WHAT THE EXERCISE ASKS: Your answer must be an exact copy of the entries, containing no images.

··· RECORD EXTRACTS

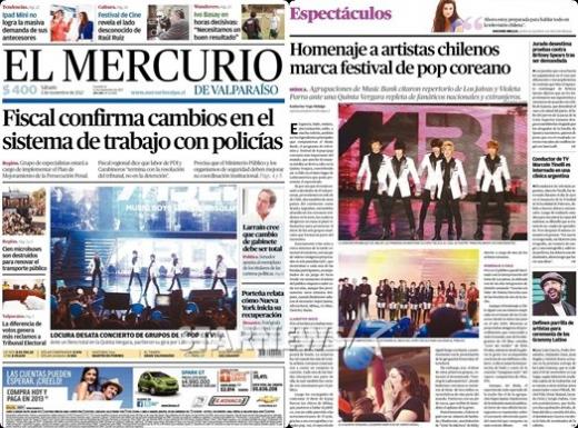 그룹 엠블랙(승호 지오 이준 천둥 미르)이 칠레 언론의 1면을 장식하며 남미 대세 가수임을 입증했다.
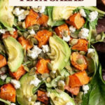 A vibrant and nutritious Sweet Potato Salad featuring roasted sweet potatoes, peppery arugula, creamy avocado, tangy feta, and crunchy toasted pepitas, all drizzled with a luscious tahini dressing. Perfect as a wholesome lunch or a light dinner.
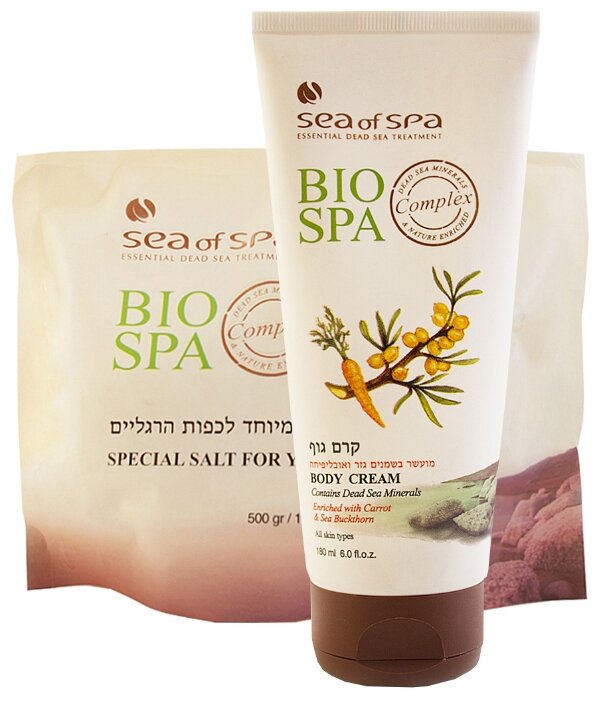 - В наборе крем для тела с маслом облепихи и моркови 180 мл, соль для ног 500 г
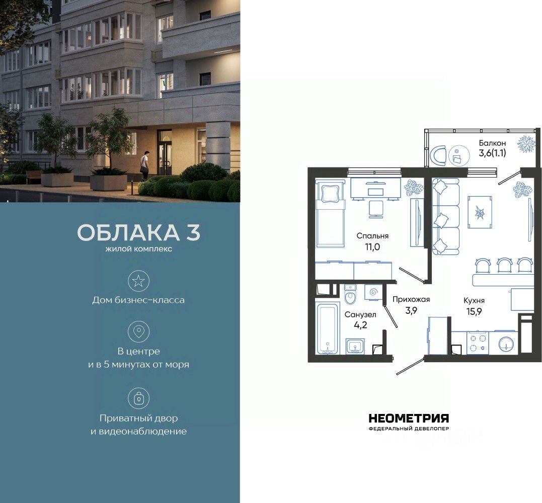 Продается квартира в жилом комплексе "Облака" от федерального девелопера "Неометрия".
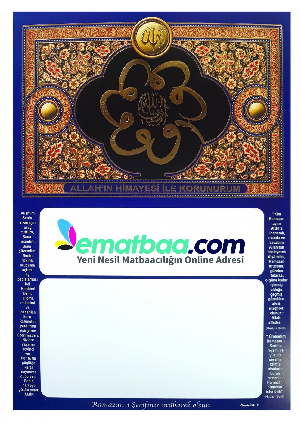 • Ebat: 25X35 cm ebadında 210 gr Amerikan Bristol Varak Yaldız + Gofre

······

RESPONSE:
 그룹 엠블랙(승호 지오 이준 천둥 미르)이 칠레 언론의 1면을 장식하며 남미 대세 가수임을 입증했다.
 A vibrant and nutritious Sweet Potato Salad featuring roasted sweet potatoes, peppery arugula, creamy avocado, tangy feta, and crunchy toasted pepitas, all drizzled with a luscious tahini dressing. Perfect as a wholesome lunch or a light dinner.
 - В наборе крем для тела с маслом облепихи и моркови 180 мл, соль для ног 500 г
 Продается квартира в жилом комплексе "Облака" от федерального девелопера "Неометрия".
 • Ebat: 25X35 cm ebadında 210 gr Amerikan Bristol Varak Yaldız + Gofre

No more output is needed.